- **Task to complete**
Print, exactly as they appear in the listing below, the lines from the line with "حافلة عليها صورة" to the line with "Cap als volts", with both end lines kept.

- **Material for this task**
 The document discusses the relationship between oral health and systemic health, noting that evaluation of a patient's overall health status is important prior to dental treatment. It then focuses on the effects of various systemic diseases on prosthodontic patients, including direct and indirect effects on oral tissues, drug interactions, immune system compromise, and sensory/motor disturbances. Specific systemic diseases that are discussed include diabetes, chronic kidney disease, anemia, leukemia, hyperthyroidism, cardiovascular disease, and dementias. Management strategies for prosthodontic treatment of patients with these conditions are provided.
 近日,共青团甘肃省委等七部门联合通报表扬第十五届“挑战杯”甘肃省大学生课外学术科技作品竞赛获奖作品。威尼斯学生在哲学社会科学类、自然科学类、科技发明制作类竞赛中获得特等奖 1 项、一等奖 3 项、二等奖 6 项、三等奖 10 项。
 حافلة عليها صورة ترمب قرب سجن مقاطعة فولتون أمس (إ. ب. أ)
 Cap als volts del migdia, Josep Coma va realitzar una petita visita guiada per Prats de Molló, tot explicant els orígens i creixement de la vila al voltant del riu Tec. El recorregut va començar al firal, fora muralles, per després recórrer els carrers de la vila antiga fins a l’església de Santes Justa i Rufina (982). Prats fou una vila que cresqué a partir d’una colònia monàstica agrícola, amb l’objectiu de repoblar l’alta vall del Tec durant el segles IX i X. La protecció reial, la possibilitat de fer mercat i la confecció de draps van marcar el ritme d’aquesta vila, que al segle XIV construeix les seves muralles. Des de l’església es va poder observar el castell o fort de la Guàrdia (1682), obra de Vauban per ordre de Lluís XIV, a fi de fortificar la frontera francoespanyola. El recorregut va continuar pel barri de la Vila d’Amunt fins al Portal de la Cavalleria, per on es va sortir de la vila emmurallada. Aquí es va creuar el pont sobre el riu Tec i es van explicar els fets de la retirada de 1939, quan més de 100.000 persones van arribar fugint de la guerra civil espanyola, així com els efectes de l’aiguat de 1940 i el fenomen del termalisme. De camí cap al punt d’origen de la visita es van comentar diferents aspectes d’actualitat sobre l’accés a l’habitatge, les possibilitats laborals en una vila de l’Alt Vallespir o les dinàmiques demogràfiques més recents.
--
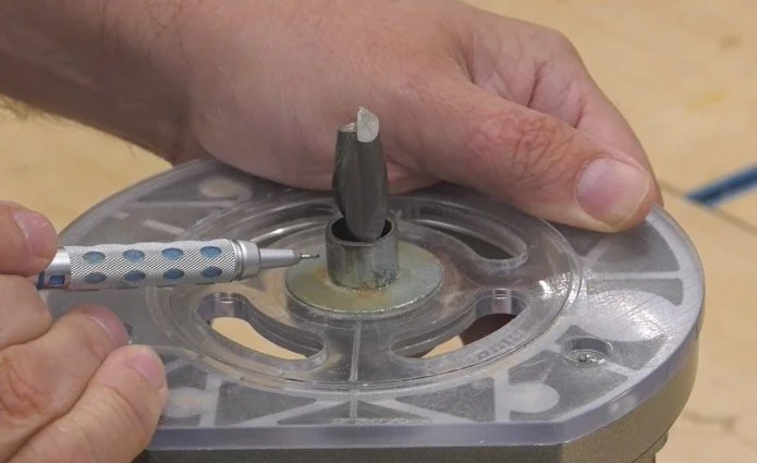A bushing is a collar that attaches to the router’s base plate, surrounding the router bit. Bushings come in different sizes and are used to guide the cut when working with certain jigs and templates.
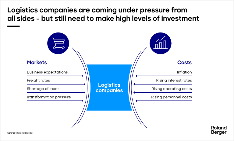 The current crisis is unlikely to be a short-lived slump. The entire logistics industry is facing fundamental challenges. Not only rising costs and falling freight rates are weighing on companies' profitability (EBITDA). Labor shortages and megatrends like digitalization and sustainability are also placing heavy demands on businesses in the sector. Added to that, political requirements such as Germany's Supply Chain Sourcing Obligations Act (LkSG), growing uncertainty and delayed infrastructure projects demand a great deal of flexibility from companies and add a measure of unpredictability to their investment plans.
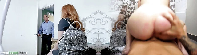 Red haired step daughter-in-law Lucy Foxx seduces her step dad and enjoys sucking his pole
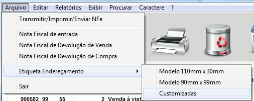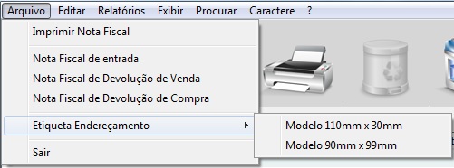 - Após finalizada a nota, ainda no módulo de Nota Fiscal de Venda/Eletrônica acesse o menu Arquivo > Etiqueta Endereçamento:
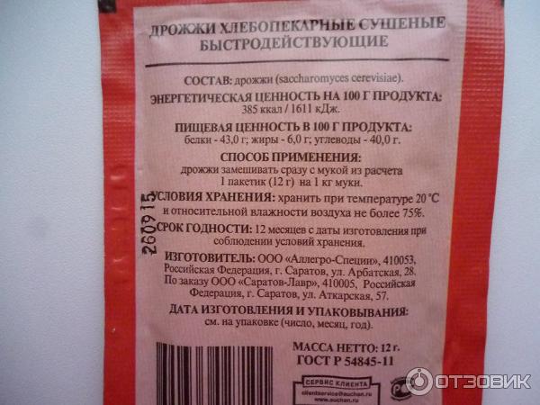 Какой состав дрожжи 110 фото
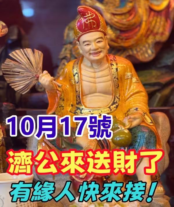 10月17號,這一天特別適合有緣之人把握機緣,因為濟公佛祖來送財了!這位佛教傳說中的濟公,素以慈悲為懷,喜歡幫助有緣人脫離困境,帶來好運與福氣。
* * *
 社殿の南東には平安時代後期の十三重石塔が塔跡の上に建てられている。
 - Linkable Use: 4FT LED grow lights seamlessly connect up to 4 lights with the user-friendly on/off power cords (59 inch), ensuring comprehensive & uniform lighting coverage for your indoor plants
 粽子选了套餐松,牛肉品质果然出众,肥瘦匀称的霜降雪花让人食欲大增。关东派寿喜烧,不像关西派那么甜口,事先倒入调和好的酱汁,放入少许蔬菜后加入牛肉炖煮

- **Answer to this exercise**
 حافلة عليها صورة ترمب قرب سجن مقاطعة فولتون أمس (إ. ب. أ)
 Cap als volts del migdia, Josep Coma va realitzar una petita visita guiada per Prats de Molló, tot explicant els orígens i creixement de la vila al voltant del riu Tec. El recorregut va començar al firal, fora muralles, per després recórrer els carrers de la vila antiga fins a l’església de Santes Justa i Rufina (982). Prats fou una vila que cresqué a partir d’una colònia monàstica agrícola, amb l’objectiu de repoblar l’alta vall del Tec durant el segles IX i X. La protecció reial, la possibilitat de fer mercat i la confecció de draps van marcar el ritme d’aquesta vila, que al segle XIV construeix les seves muralles. Des de l’església es va poder observar el castell o fort de la Guàrdia (1682), obra de Vauban per ordre de Lluís XIV, a fi de fortificar la frontera francoespanyola. El recorregut va continuar pel barri de la Vila d’Amunt fins al Portal de la Cavalleria, per on es va sortir de la vila emmurallada. Aquí es va creuar el pont sobre el riu Tec i es van explicar els fets de la retirada de 1939, quan més de 100.000 persones van arribar fugint de la guerra civil espanyola, així com els efectes de l’aiguat de 1940 i el fenomen del termalisme. De camí cap al punt d’origen de la visita es van comentar diferents aspectes d’actualitat sobre l’accés a l’habitatge, les possibilitats laborals en una vila de l’Alt Vallespir o les dinàmiques demogràfiques més recents.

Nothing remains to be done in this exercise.